Reproduce the listing that follows in full. Omit its images.
*** Dataset content ***
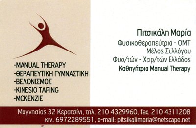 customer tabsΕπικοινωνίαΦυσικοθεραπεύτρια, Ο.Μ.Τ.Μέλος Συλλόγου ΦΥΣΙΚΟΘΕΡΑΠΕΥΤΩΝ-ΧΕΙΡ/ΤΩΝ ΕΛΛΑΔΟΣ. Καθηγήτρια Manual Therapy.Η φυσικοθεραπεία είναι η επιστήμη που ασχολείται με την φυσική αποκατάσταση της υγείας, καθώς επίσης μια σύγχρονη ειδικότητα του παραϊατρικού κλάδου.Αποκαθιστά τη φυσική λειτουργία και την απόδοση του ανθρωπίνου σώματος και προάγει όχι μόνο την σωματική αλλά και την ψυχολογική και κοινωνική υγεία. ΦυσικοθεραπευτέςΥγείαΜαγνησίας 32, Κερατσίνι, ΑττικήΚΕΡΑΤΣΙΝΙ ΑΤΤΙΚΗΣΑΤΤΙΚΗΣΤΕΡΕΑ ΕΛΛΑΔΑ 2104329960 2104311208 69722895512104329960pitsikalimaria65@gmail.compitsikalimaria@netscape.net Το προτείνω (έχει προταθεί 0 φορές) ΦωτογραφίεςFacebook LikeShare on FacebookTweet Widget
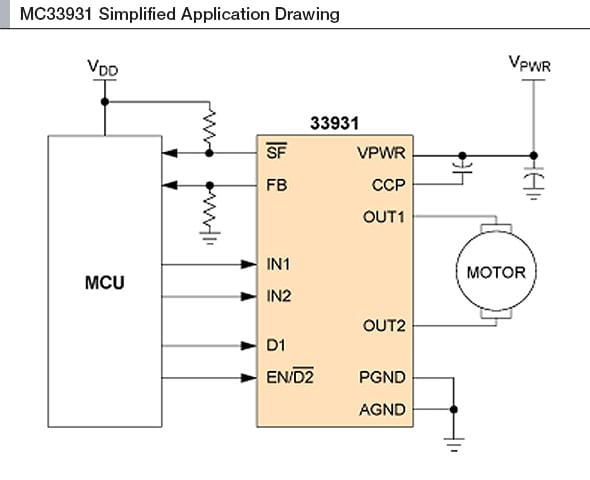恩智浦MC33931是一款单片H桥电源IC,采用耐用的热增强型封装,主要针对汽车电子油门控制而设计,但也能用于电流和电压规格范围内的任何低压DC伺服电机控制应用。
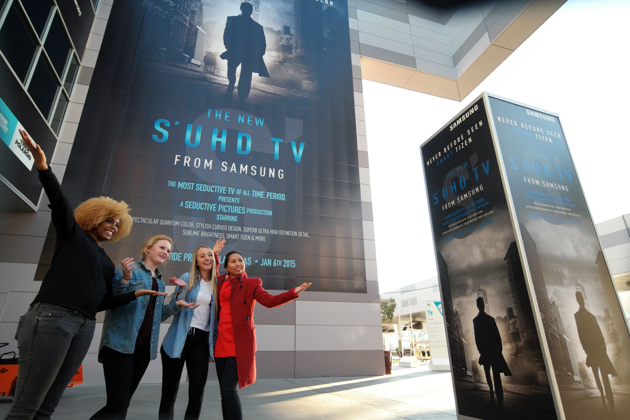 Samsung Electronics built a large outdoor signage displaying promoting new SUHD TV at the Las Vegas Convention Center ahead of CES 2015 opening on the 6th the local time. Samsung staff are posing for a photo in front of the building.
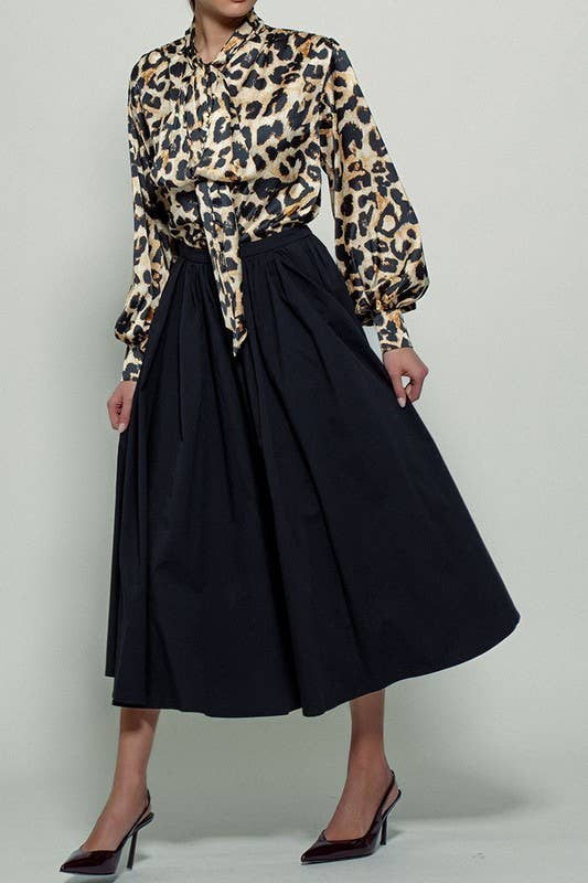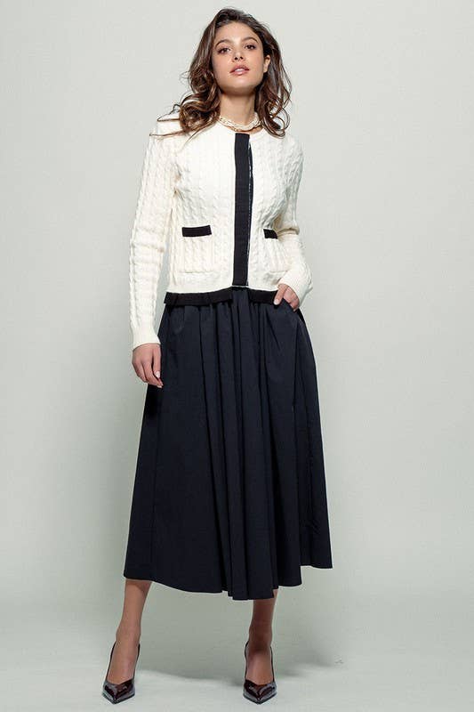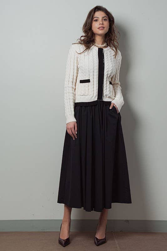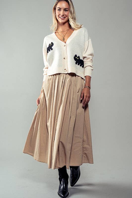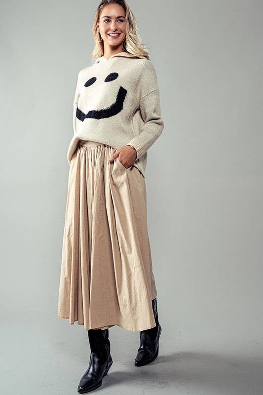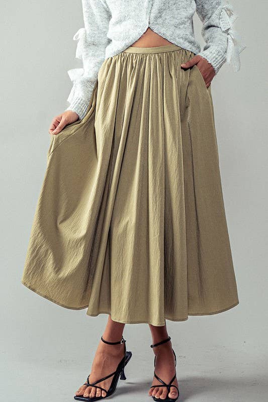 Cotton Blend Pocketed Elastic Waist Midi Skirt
*** End of Dataset content ***
> Exercise response:
 customer tabsΕπικοινωνίαΦυσικοθεραπεύτρια, Ο.Μ.Τ.Μέλος Συλλόγου ΦΥΣΙΚΟΘΕΡΑΠΕΥΤΩΝ-ΧΕΙΡ/ΤΩΝ ΕΛΛΑΔΟΣ. Καθηγήτρια Manual Therapy.Η φυσικοθεραπεία είναι η επιστήμη που ασχολείται με την φυσική αποκατάσταση της υγείας, καθώς επίσης μια σύγχρονη ειδικότητα του παραϊατρικού κλάδου.Αποκαθιστά τη φυσική λειτουργία και την απόδοση του ανθρωπίνου σώματος και προάγει όχι μόνο την σωματική αλλά και την ψυχολογική και κοινωνική υγεία. ΦυσικοθεραπευτέςΥγείαΜαγνησίας 32, Κερατσίνι, ΑττικήΚΕΡΑΤΣΙΝΙ ΑΤΤΙΚΗΣΑΤΤΙΚΗΣΤΕΡΕΑ ΕΛΛΑΔΑ 2104329960 2104311208 69722895512104329960pitsikalimaria65@gmail.compitsikalimaria@netscape.net Το προτείνω (έχει προταθεί 0 φορές) ΦωτογραφίεςFacebook LikeShare on FacebookTweet Widget
恩智浦MC33931是一款单片H桥电源IC,采用耐用的热增强型封装,主要针对汽车电子油门控制而设计,但也能用于电流和电压规格范围内的任何低压DC伺服电机控制应用。
 Samsung Electronics built a large outdoor signage displaying promoting new SUHD TV at the Las Vegas Convention Center ahead of CES 2015 opening on the 6th the local time. Samsung staff are posing for a photo in front of the building.
 Cotton Blend Pocketed Elastic Waist Midi Skirt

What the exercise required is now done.